**Directions for this task**: Please retype the listing below word for word and exclude its images.

**Raw data**:
===============

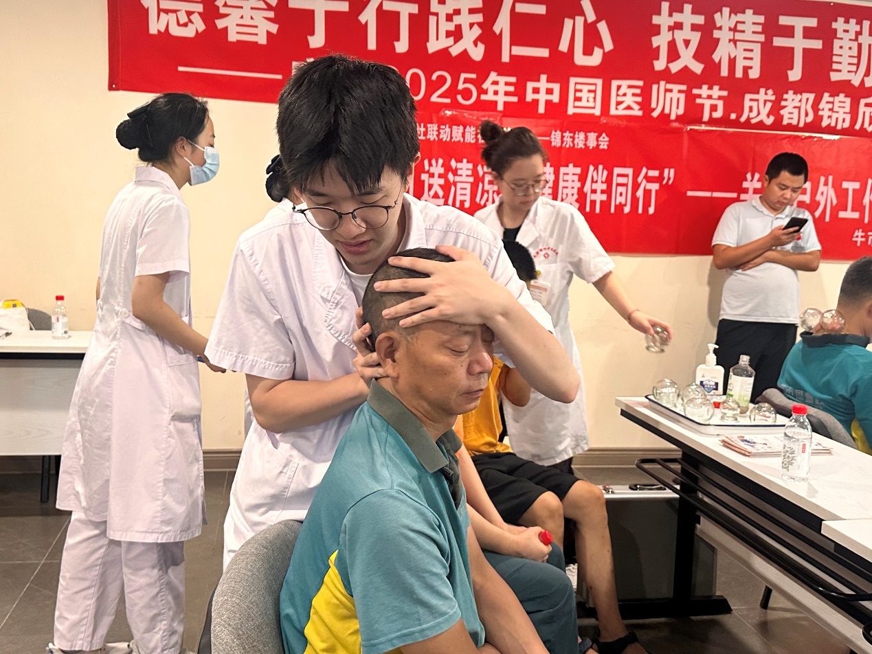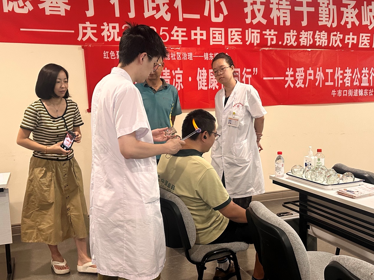 锦欣中医医院的医疗团队分工明确,中医问诊区前,医生仔细询问户外工作者的身体状况,给出个性化调理建议;理疗区里,按摩师娴熟地为大家做肩颈按摩、推拿拔罐,“按完之后脖子舒服多了,感觉整个人都轻松了!”快递员王师傅感叹道。耳穴埋豆处,护士细致地为大家贴上耳豆,“这个能缓解疲劳,改善睡眠,平时按压一下很方便。”现场不时传来阵阵感谢声,温暖的氛围驱散了夏日的燥热。
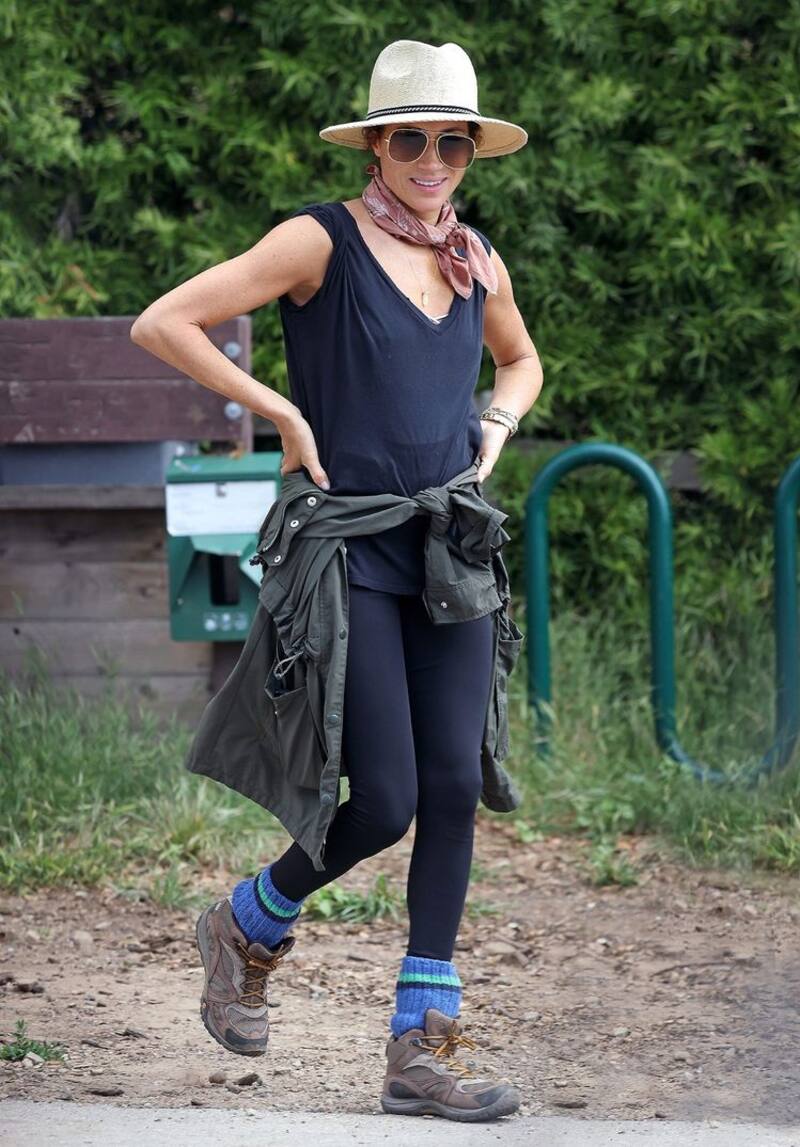 Las imágenes tomadas en California —estado en el que reside con el príncipe Harry— la muestran con botas outdoor, un pañuelo atado al cuello, un sombrero blanco y lentes de sol.
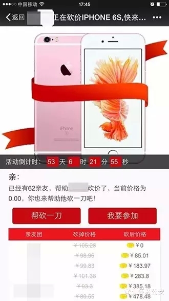 最近朋友圈盛行“帮忙砍价”的活动,据称经过众多好友的帮忙,可以将原价5288的iPhone 6s砍到“一元购”。那么朋友圈“帮砍价”是骗局吗?帮砍价免费拿东西到底是真的假的呢?有媒体报道,一位大三女生在朋友圈参加了一个“1元得苹果手机”的砍价活动,经过众多好友的帮忙,终于把一台iPhone 6s砍到了2000元。但是,汇款之后,女生收到的不是“iPhone”手机,而是一台市价不足300元的“1Phone”手机。 这位女生的受骗经历在网上经过传播之后,引发了不少网友的共鸣。随后,微信上“帮砍价”活动也被网友揭露出“骗局”的真实面目。 事实上,微信“帮砍价”活动起初只是用于营销。不少商家通过这种活动吸引人们在朋友圈转发关注,从而吸引了一大圈粉丝,短时间获得了大量关注度,实现不错的营销效果。但是后来,这种成本低,操作简单,而且受众容易上当的的活动给不法分子盯上了,于是演变成了一种新型的骗局,充斥着整个朋友圈。 其实,这种骗局的规则很简单,只要邀请好友为自己“砍价”,即点击该链接帮忙砍价,就可随机减少不等的金额,直到变为很优惠的价格,甚至可以免费得到礼品。然而,很多砍价成功的微友不但没有收到奖品,反而泄露了个人信息。 ![]() 此前,一则名为“京东双11预热,砍价0元拿iPhone 6s”的活动链接在各个微信群和朋友圈内疯传。根据链接中的活动规则,参与者在砍价成功后需要在弹出页面输入联系人、地址、电话,但之后却没有一个人拿到手机,而且不少参与的用户收到了大量广告短信、恶意链接甚至诈骗信息。之后,京东还专门为此辟谣,提醒用户小心上当。 尽管如此,这样的骗局依然在微信朋友圈泛滥。在我点击了一条“帮砍价”的链接之后,便进入了一个高仿的“京东”页面,该页面不仅有京东的标志,还显示着参与“帮砍价”的商品和原价格等。界面下角则有参与“砍价”的好友姓名和砍价价格。此外,界面上还有“帮TA砍价”和“我要参与”的按键。如果点击按键,则需要填写个人电话、住址等个人信息。而当用户“砍价”到零元时,整个活动页面就会失效。 在这种微信“帮砍价”活动中,骗子主要有两种目的:一是为了收集个人信息,二是为了骗钱。所以,参与过的用户接下来会收到大量的广告短信和诈骗短信。 有业内人士表示,这种“帮砍价”活动并不是微信官方开发的应用软件,并没有安全保障。这类活动填写的个人信息其实链接着后台服务器,一旦点开活动页面,用户的一系列相关的个人信息将会泄露出去,电子银行账户安全堪忧不说,各种广告骚扰也将接踵而至。更严重的是,如果此类小活动的开发公司将后台收集到的用户信息卖给广告商、中介或一些欺诈集团,无疑会对用户的个人隐私及财产安全带来巨大威胁。 事实上,除了“帮砍价”,在微信朋友圈还有一些活动大家要小心,比如“算命”、“测姻缘”、“算算你5年后的生活状态”等测试小活动。这些活动的共同特点就是需要填写个人资料,包括姓名年龄、手机号甚至是身份证号。不法分子正是借助这些活动套取微友个人信息之后再进行诈骗。 面对如此不安全的“朋友圈”,我们应该如何避免上当? 提高自己的隐私保护意识显然是最重要的一点,在朋友圈如果看到“低价”、“免费”等字眼,都不要轻信“优惠”链接。由于目前如QQ、微信、支付宝等应用很可能绑定了银行卡和身份证,所以用户不应轻易把自己的姓名、手机号、QQ及微信号等信息泄露给他人,同时还应防止类似可疑信息的扩散,切勿帮忙转发。一旦遭遇行骗并造成损失,应及时向公安部门进行举报。 当然,如果我们能够坚信天底下从来就没有免费午餐,也没有凭空掉下来的“馅饼”,或许就不用再为自己“贪小便宜”的行为买单了。 |

===============

**Result of the exercise**:
 锦欣中医医院的医疗团队分工明确,中医问诊区前,医生仔细询问户外工作者的身体状况,给出个性化调理建议;理疗区里,按摩师娴熟地为大家做肩颈按摩、推拿拔罐,“按完之后脖子舒服多了,感觉整个人都轻松了!”快递员王师傅感叹道。耳穴埋豆处,护士细致地为大家贴上耳豆,“这个能缓解疲劳,改善睡眠,平时按压一下很方便。”现场不时传来阵阵感谢声,温暖的氛围驱散了夏日的燥热。
 Las imágenes tomadas en California —estado en el que reside con el príncipe Harry— la muestran con botas outdoor, un pañuelo atado al cuello, un sombrero blanco y lentes de sol.
 最近朋友圈盛行“帮忙砍价”的活动,据称经过众多好友的帮忙,可以将原价5288的iPhone 6s砍到“一元购”。那么朋友圈“帮砍价”是骗局吗?帮砍价免费拿东西到底是真的假的呢?有媒体报道,一位大三女生在朋友圈参加了一个“1元得苹果手机”的砍价活动,经过众多好友的帮忙,终于把一台iPhone 6s砍到了2000元。但是,汇款之后,女生收到的不是“iPhone”手机,而是一台市价不足300元的“1Phone”手机。 这位女生的受骗经历在网上经过传播之后,引发了不少网友的共鸣。随后,微信上“帮砍价”活动也被网友揭露出“骗局”的真实面目。 事实上,微信“帮砍价”活动起初只是用于营销。不少商家通过这种活动吸引人们在朋友圈转发关注,从而吸引了一大圈粉丝,短时间获得了大量关注度,实现不错的营销效果。但是后来,这种成本低,操作简单,而且受众容易上当的的活动给不法分子盯上了,于是演变成了一种新型的骗局,充斥着整个朋友圈。 其实,这种骗局的规则很简单,只要邀请好友为自己“砍价”,即点击该链接帮忙砍价,就可随机减少不等的金额,直到变为很优惠的价格,甚至可以免费得到礼品。然而,很多砍价成功的微友不但没有收到奖品,反而泄露了个人信息。 ![]() 此前,一则名为“京东双11预热,砍价0元拿iPhone 6s”的活动链接在各个微信群和朋友圈内疯传。根据链接中的活动规则,参与者在砍价成功后需要在弹出页面输入联系人、地址、电话,但之后却没有一个人拿到手机,而且不少参与的用户收到了大量广告短信、恶意链接甚至诈骗信息。之后,京东还专门为此辟谣,提醒用户小心上当。 尽管如此,这样的骗局依然在微信朋友圈泛滥。在我点击了一条“帮砍价”的链接之后,便进入了一个高仿的“京东”页面,该页面不仅有京东的标志,还显示着参与“帮砍价”的商品和原价格等。界面下角则有参与“砍价”的好友姓名和砍价价格。此外,界面上还有“帮TA砍价”和“我要参与”的按键。如果点击按键,则需要填写个人电话、住址等个人信息。而当用户“砍价”到零元时,整个活动页面就会失效。 在这种微信“帮砍价”活动中,骗子主要有两种目的:一是为了收集个人信息,二是为了骗钱。所以,参与过的用户接下来会收到大量的广告短信和诈骗短信。 有业内人士表示,这种“帮砍价”活动并不是微信官方开发的应用软件,并没有安全保障。这类活动填写的个人信息其实链接着后台服务器,一旦点开活动页面,用户的一系列相关的个人信息将会泄露出去,电子银行账户安全堪忧不说,各种广告骚扰也将接踵而至。更严重的是,如果此类小活动的开发公司将后台收集到的用户信息卖给广告商、中介或一些欺诈集团,无疑会对用户的个人隐私及财产安全带来巨大威胁。 事实上,除了“帮砍价”,在微信朋友圈还有一些活动大家要小心,比如“算命”、“测姻缘”、“算算你5年后的生活状态”等测试小活动。这些活动的共同特点就是需要填写个人资料,包括姓名年龄、手机号甚至是身份证号。不法分子正是借助这些活动套取微友个人信息之后再进行诈骗。 面对如此不安全的“朋友圈”,我们应该如何避免上当? 提高自己的隐私保护意识显然是最重要的一点,在朋友圈如果看到“低价”、“免费”等字眼,都不要轻信“优惠”链接。由于目前如QQ、微信、支付宝等应用很可能绑定了银行卡和身份证,所以用户不应轻易把自己的姓名、手机号、QQ及微信号等信息泄露给他人,同时还应防止类似可疑信息的扩散,切勿帮忙转发。一旦遭遇行骗并造成损失,应及时向公安部门进行举报。 当然,如果我们能够坚信天底下从来就没有免费午餐,也没有凭空掉下来的“馅饼”,或许就不用再为自己“贪小便宜”的行为买单了。 |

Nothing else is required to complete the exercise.